Der Immobilienexperte nimmt auch die Perspektive der Bundesangestellten ein: Arbeitsorte in Zentrumsnähe seien beliebt – das zeigen auch die Büromieten in diesen Lagen: «Sie steigen immer noch, während sie an der Peripherie stagnieren oder gar sinken», so Eicher. Vor zehn Jahren sei es genau andersherum gewesen. Anders gesagt: Wenn Büros im Zentrum wegfallen, könnte es weniger attraktiv sein, für den Bund zu arbeiten.
Umzug geplant
Die Alternative zur Zentrumsimmobilie wäre ein zentrales Bürogebäude an der Peripherie. Eicher denkt dabei zum Beispiel an Ittigen oder das Liebefeld, wo solche Projekte in den vergangenen Jahren schon umgesetzt wurden. Auch in Zollikofen hat ein solches Verwaltungszentrum im vergangenen Jahr geöffnet. Und in der Tat plant der Bund, schrittweise 1000 Arbeitsplätze aus den Quartieren der Stadt Bern in die Agglomeration zu verlagern, wie aus dem jüngsten «Unterbringungskonzept» hervorgeht. Konzentriert werden soll die Belegschaft auf sogenannte Campusstandorte. Neben den erwähnten Standorten Ittigen Liebefeld und Zollikofen zählen dazu auch der Guisanplatz oder Bümpliz Nord. Nicht mehr benötigte Gebäude sollen laut BBL verkauft oder im Baurecht abgegeben werden. Dabei werde auch das Potenzial für die Wohnnutzung geprüft, wie es auf Anfrage heisst.

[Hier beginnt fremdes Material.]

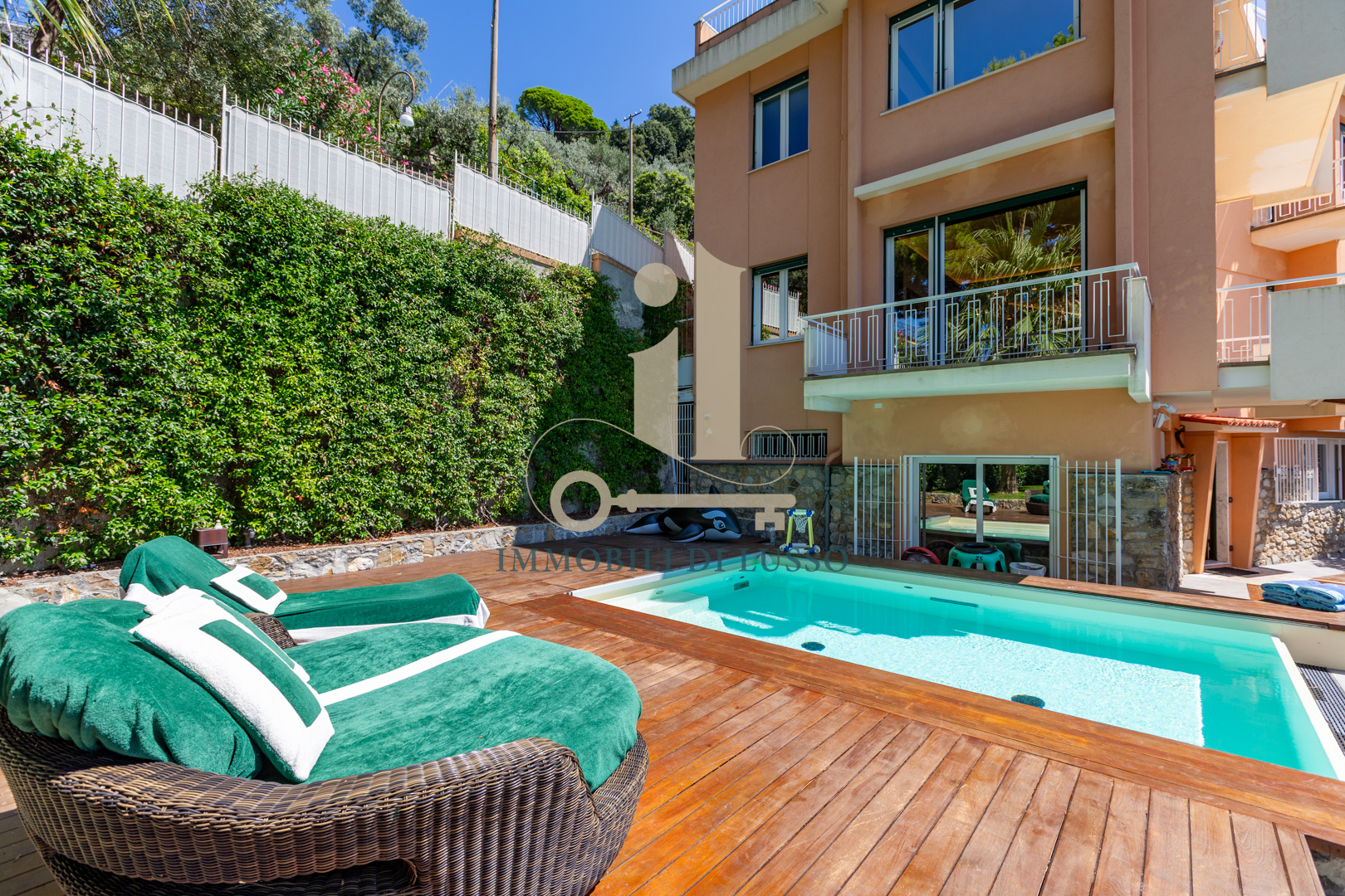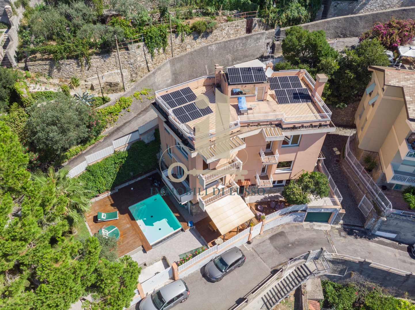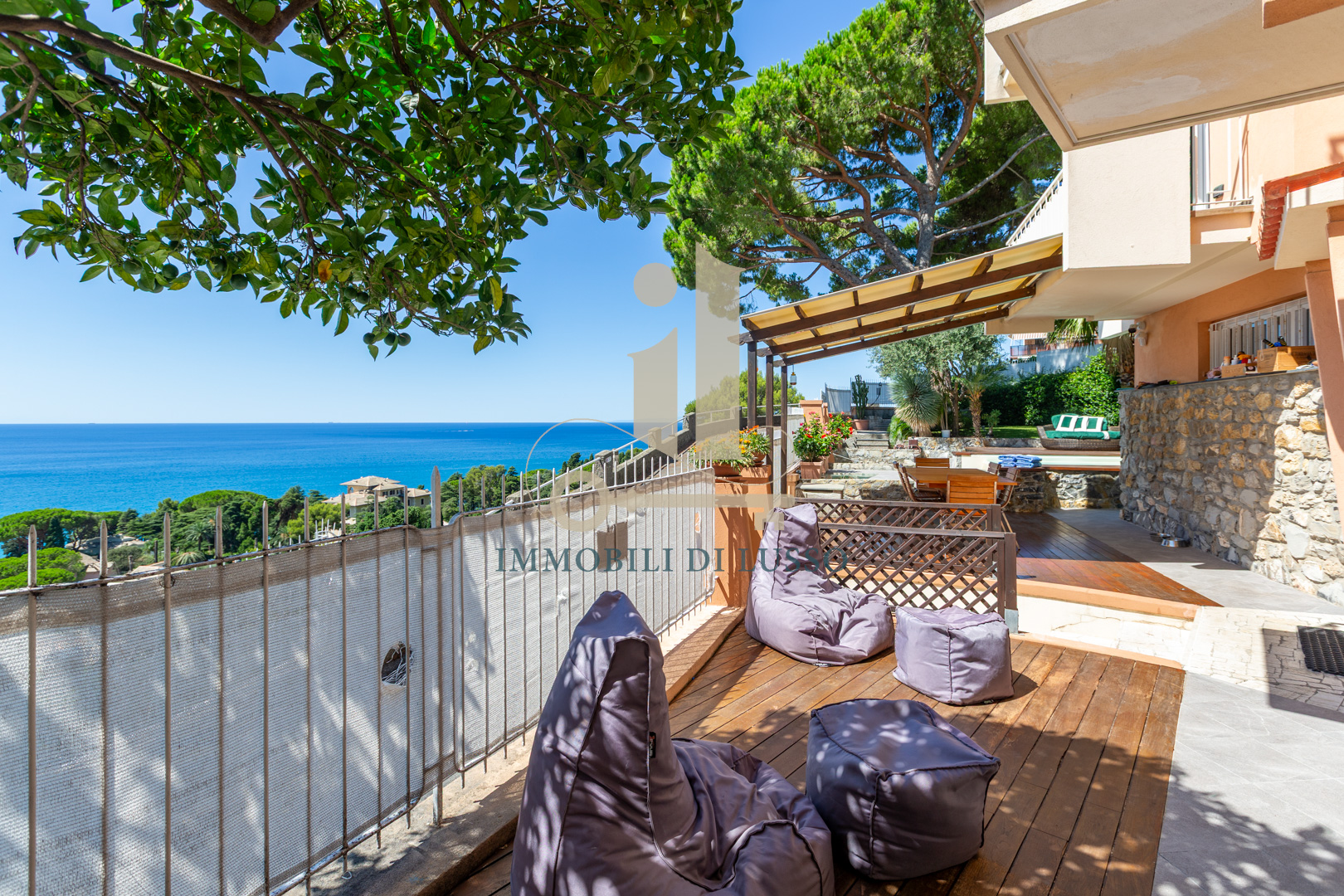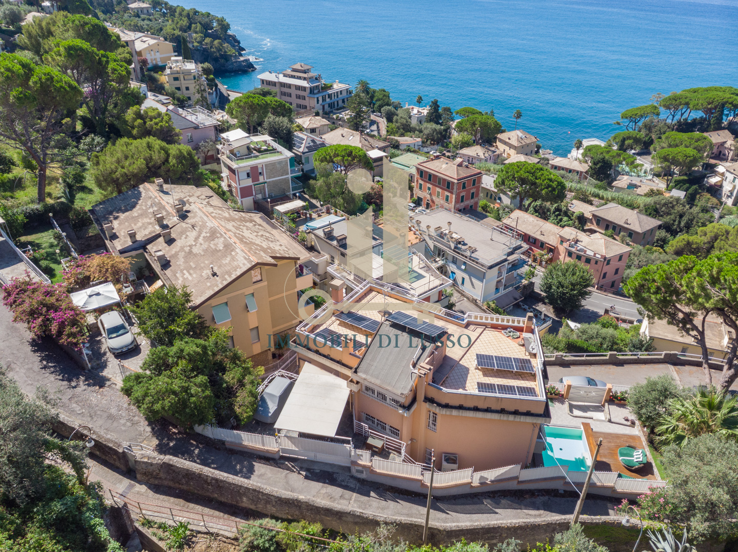 Pieve Ligure a due passi da Bogliasco proponiamo in vendita rara opportunità in contesto privato. Villa unifamiliare posta in posizione panoramica con straordinaria vista mare, dotata di ogni comfort e di modernissimo impianto di domotica. Alla proprietà, distribuita su più livelli, con giardino piantumato e flora mediterranea, si accede sia attraverso un accesso pedonale, sia dal box. Gli spazi esterni sono molto curati: la terrazza al piano con piscina e solarium è un'oasi di tranquillità dove lo sguardo spazia dal verde del giardino al blu infinito del mare. Adiacente alla piscina si trova una zona con tavolo da pranzo e poltrone perfette per la convivialità e il relax. Internamente la proprietà è elegantemente ristrutturata: dalla porta principale si accede al primo livello della villa con ampio ingresso dove padroneggia la bella scala in legno che conduce ai piani superiori. Qui si trova la grande cucina abitabile con accesso diretto alla bella terrazza con vista panoramica. Su questo livello si trovano un locale termico ed una stanza adibita a lavanderia. Salendo al piano superiore arriviamo alla zona giorno: un grande e meraviglioso open space dalla configurazione molto particolare; legno e vetro, luce e colori si fondono perfettamente con la natura esterna creando un ambiente molto suggestivo, reso ancora più accogliente dal camino che ci rimanda a momenti di serenità in famiglia. Al piano è presente una sala giochi, una camera matrimoniale con cabina armadio e un bagno con doccia. Salendo al secondo piano troviamo tre ampie camere, una grande camera padronale con bagno en suite corredata da vasca, doccia e doppio lavandino. La stanza ha due luminosissime finestre fronte mare con affaccio sul balcone. Salendo all'ultimo piano troviamo una funzionale sauna dotata di una finestra dalla quale si può godere di una splendida vista sul mar Ligure. Sulla grande terrazza solarium sono stati posizionati i pannelli fotovoltaici. La proprietà si completa di due posti auto coperti sul retro. Questo immobile è perfetto per una famiglia che cerca la tranquillità pur restando vicino a tutti i servizi.

Damit zurück zur Ausgangsfrage: Würde eine Umnutzung die Wohnungsnot lindern, sofern alle anderen Hürden genommen wurden? Eicher rechnet vor: Selbst wenn davon ausgegangen wird, dass aus einem Grossteil der Bundesimmobilien im Zentrum Wohnungen werden können, seien das nur ein Prozent des gesamten Wohnungsbestands der Stadt Bern. «Das ist nicht Nichts, aber auch kein allzu grosser Sprung», fasst Eicher zusammen.
Er geht davon aus, dass sich die Wohnungsknappheit bei anhaltendem Bevölkerungswachstum in den kommenden Jahren sogar noch zuspitzen wird. Landreserven werden deshalb noch begehrter – zudem bleibt noch die Möglichkeit der Verdichtung innerhalb der Quartiere, wenn dies nicht schon geschehen ist.